(Beginning of Given records)
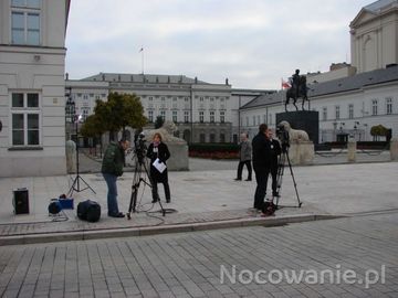 Ekipy telewizyjne przed Pałacem Prezydenckim.
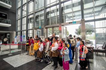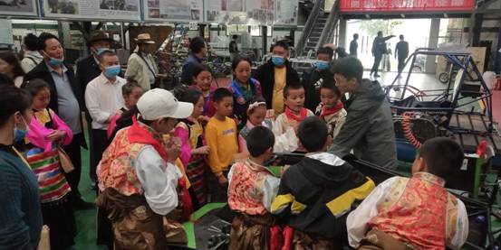 合影留念 仪式结束后,巴塘中小学生师生一行参观了学校易班工作站,在易班工作人员的带领下,简单了解了易班平台、学校易班工作建设情况和成果等,并收到了易班工作站送给大家的礼品——精美的饭盒。同时,师生一行还参观了学校图书馆、创新创业俱乐部、汽车与交通学院实验中心、千人大剧场、音乐与舞蹈学院排练房、高水平运动中心等地,并在校团委组织下参与了趣味纷呈的课外活动。
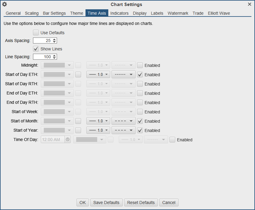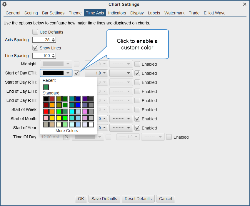 A color can now be chosen for each time axis line that is enabled. Click the checkbox to the right of the color drop down to enable a specific color.
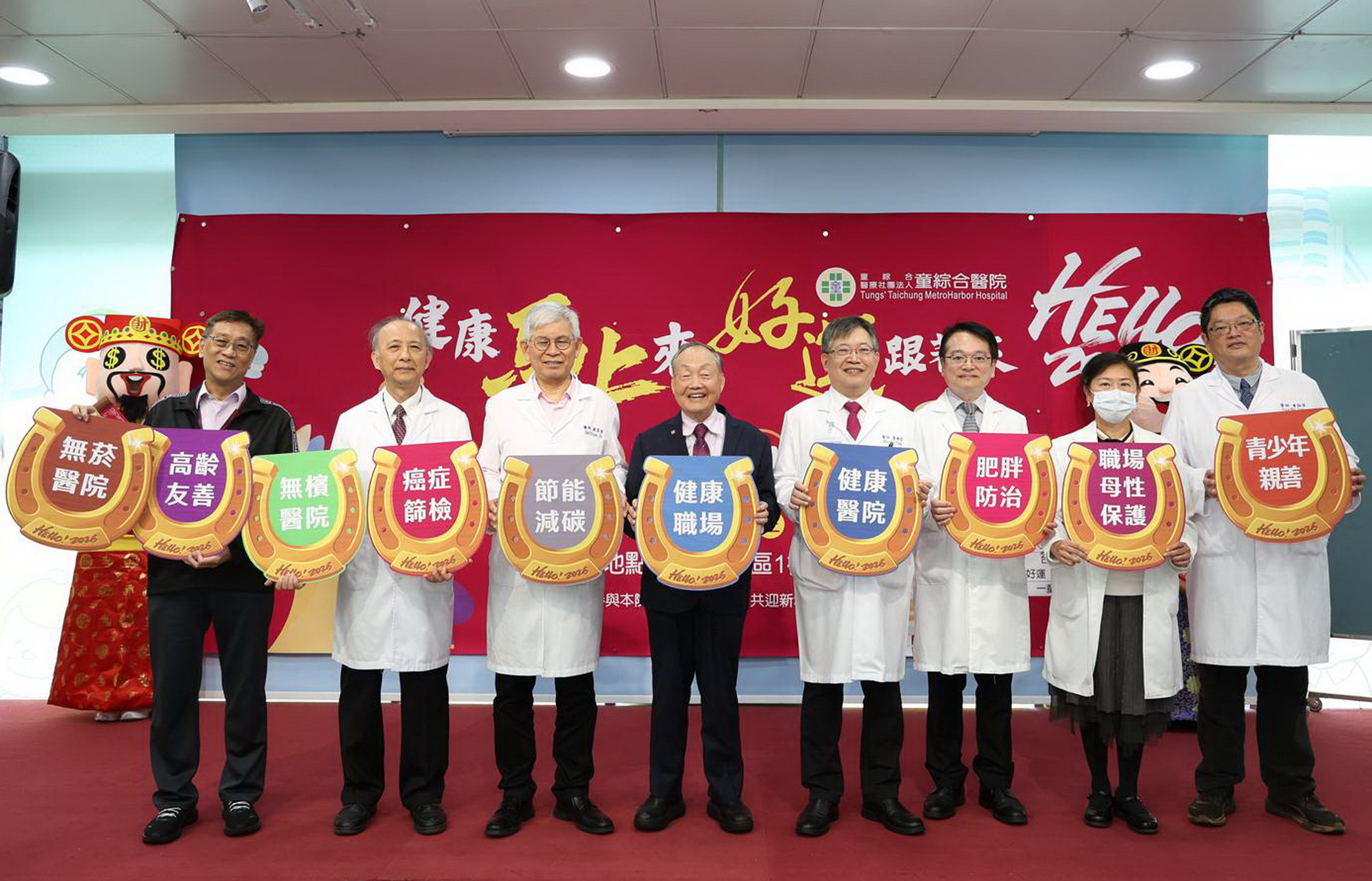 童綜合醫院全面貫徹執行健康醫院與健康職場的宗旨,因此積極推動無菸檳醫院、高齡友善、癌症篩檢、節能減碳、肥胖防治、職場母性保護與青少年親善,今年響應馬年用馬蹄鐵為概念,緊密結合串聯各項健康理念標語,也讓民眾都能更清楚如何促進健康。
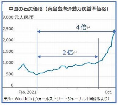 グラフのとおり、石炭価格は、既に9月までに今年の底値の2倍へとじわじわと値上がりしていたが、9月以降は更に2倍値上がりした。各地方で一斉に強制的なエネルギー消費抑制措置がとられたのだから、発電用炭はダブついて値下がりしてもおかしくないのに、なぜ逆に値上がりしたのか。
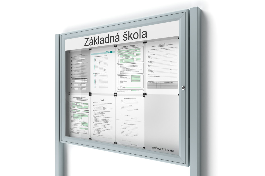 Uzamykatelná informační vitrína 8xA4 SIDE50 s nápisem a sloupky
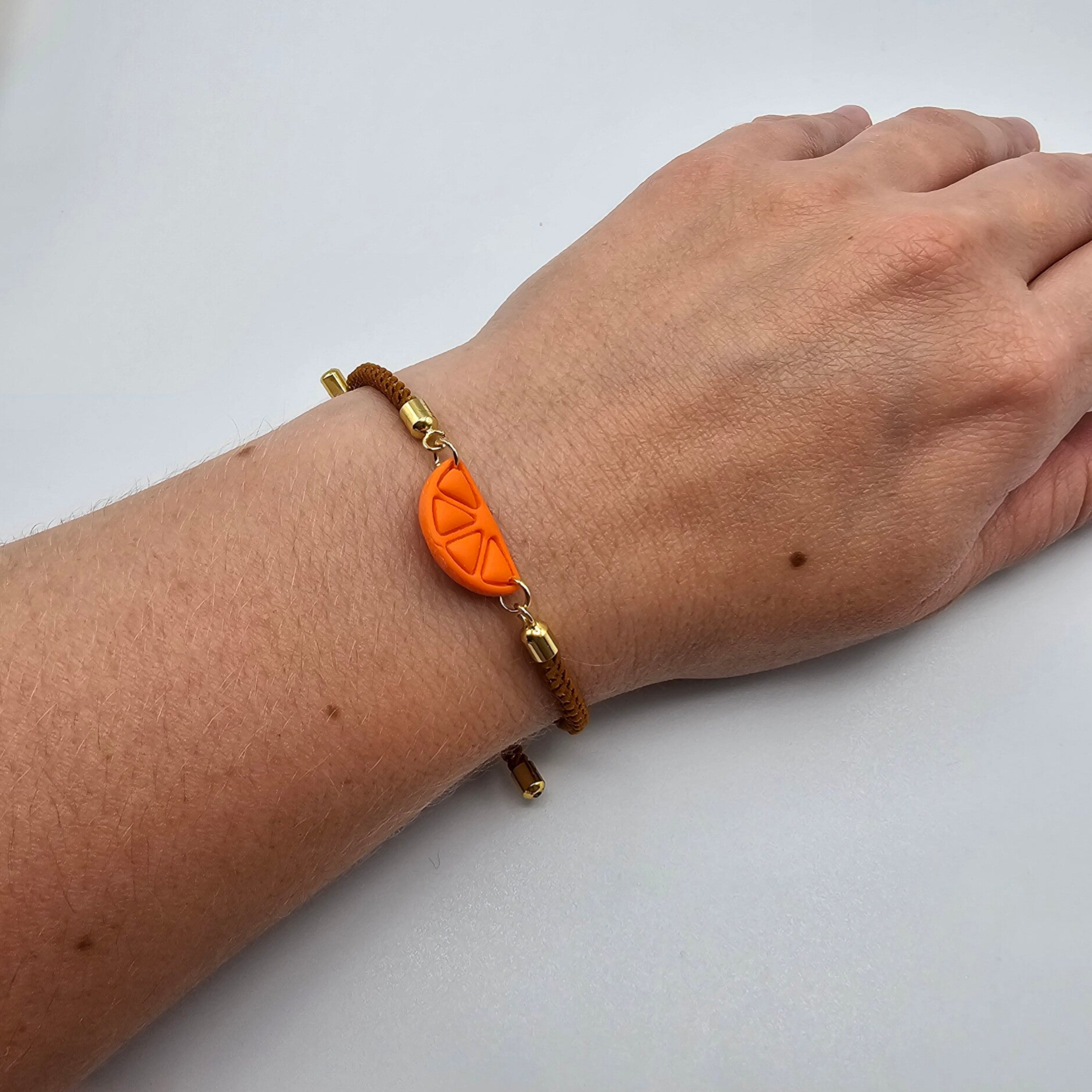 Dieses Armband ist aus einem orang-goldenem Kordelarmband mit einem Orangenanhänger aus orangenem Polymerton (Fimo).
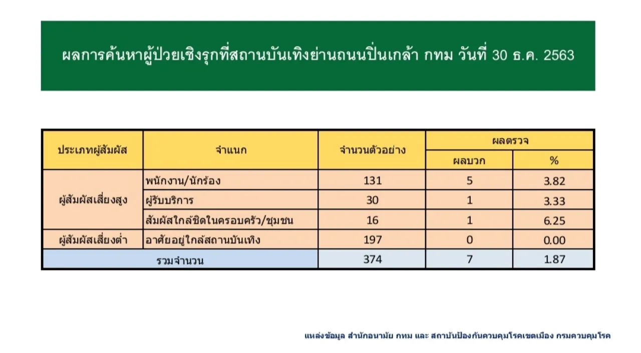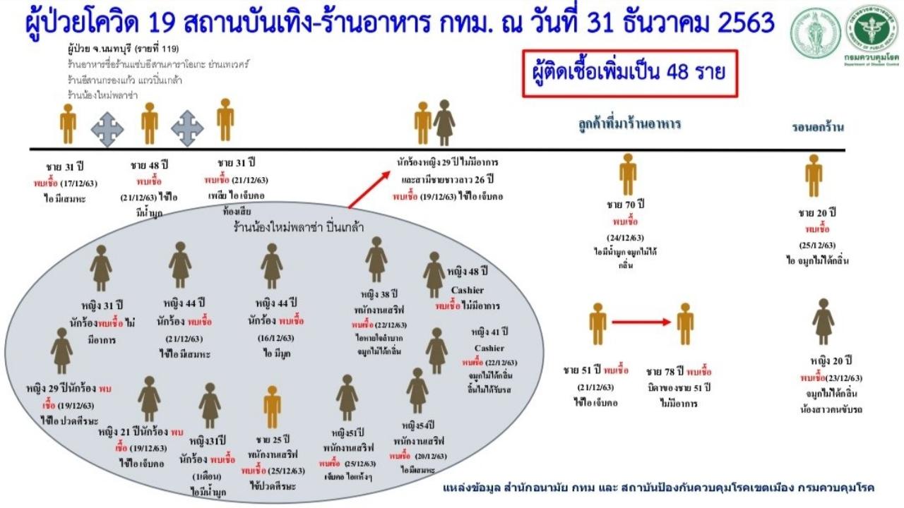 เมื่อเวลา 15.00 น. วันที่ 1 ม.ค. 2564 นพ.โอภาส การย์กวินพงศ์ อธิบดีกรมควบคุมโรค และ นพ.โสภณ เอี่ยมศิริถาวร ผู้อำนวยการกองโรคติดต่อทั่วไป ปฏิบัติหน้าที่รองอธิบดีกรมควบคุมโรค ร่วมกันแถลงที่กระทรวงสาธารณสุข ถึงผู้ติดเชื้อกรณีสถานบันเทิง-ร้านอาหารบริเวณปิ่นเกล้า เขตบางพลัด กทม. ตั้งแต่วันที่ 17-31 ธ.ค. 2563 ซึ่งจากการสอบสวนโรคเพิ่มเติมมีรายละเอียดดังนี้
(End of Given records)
## Required work
Because pictures are not wanted, give every entry above again exactly without them.

## Solution
 Ekipy telewizyjne przed Pałacem Prezydenckim.
 合影留念 仪式结束后,巴塘中小学生师生一行参观了学校易班工作站,在易班工作人员的带领下,简单了解了易班平台、学校易班工作建设情况和成果等,并收到了易班工作站送给大家的礼品——精美的饭盒。同时,师生一行还参观了学校图书馆、创新创业俱乐部、汽车与交通学院实验中心、千人大剧场、音乐与舞蹈学院排练房、高水平运动中心等地,并在校团委组织下参与了趣味纷呈的课外活动。
 A color can now be chosen for each time axis line that is enabled. Click the checkbox to the right of the color drop down to enable a specific color.
 童綜合醫院全面貫徹執行健康醫院與健康職場的宗旨,因此積極推動無菸檳醫院、高齡友善、癌症篩檢、節能減碳、肥胖防治、職場母性保護與青少年親善,今年響應馬年用馬蹄鐵為概念,緊密結合串聯各項健康理念標語,也讓民眾都能更清楚如何促進健康。
 グラフのとおり、石炭価格は、既に9月までに今年の底値の2倍へとじわじわと値上がりしていたが、9月以降は更に2倍値上がりした。各地方で一斉に強制的なエネルギー消費抑制措置がとられたのだから、発電用炭はダブついて値下がりしてもおかしくないのに、なぜ逆に値上がりしたのか。
 Uzamykatelná informační vitrína 8xA4 SIDE50 s nápisem a sloupky
 Dieses Armband ist aus einem orang-goldenem Kordelarmband mit einem Orangenanhänger aus orangenem Polymerton (Fimo).
 เมื่อเวลา 15.00 น. วันที่ 1 ม.ค. 2564 นพ.โอภาส การย์กวินพงศ์ อธิบดีกรมควบคุมโรค และ นพ.โสภณ เอี่ยมศิริถาวร ผู้อำนวยการกองโรคติดต่อทั่วไป ปฏิบัติหน้าที่รองอธิบดีกรมควบคุมโรค ร่วมกันแถลงที่กระทรวงสาธารณสุข ถึงผู้ติดเชื้อกรณีสถานบันเทิง-ร้านอาหารบริเวณปิ่นเกล้า เขตบางพลัด กทม. ตั้งแต่วันที่ 17-31 ธ.ค. 2563 ซึ่งจากการสอบสวนโรคเพิ่มเติมมีรายละเอียดดังนี้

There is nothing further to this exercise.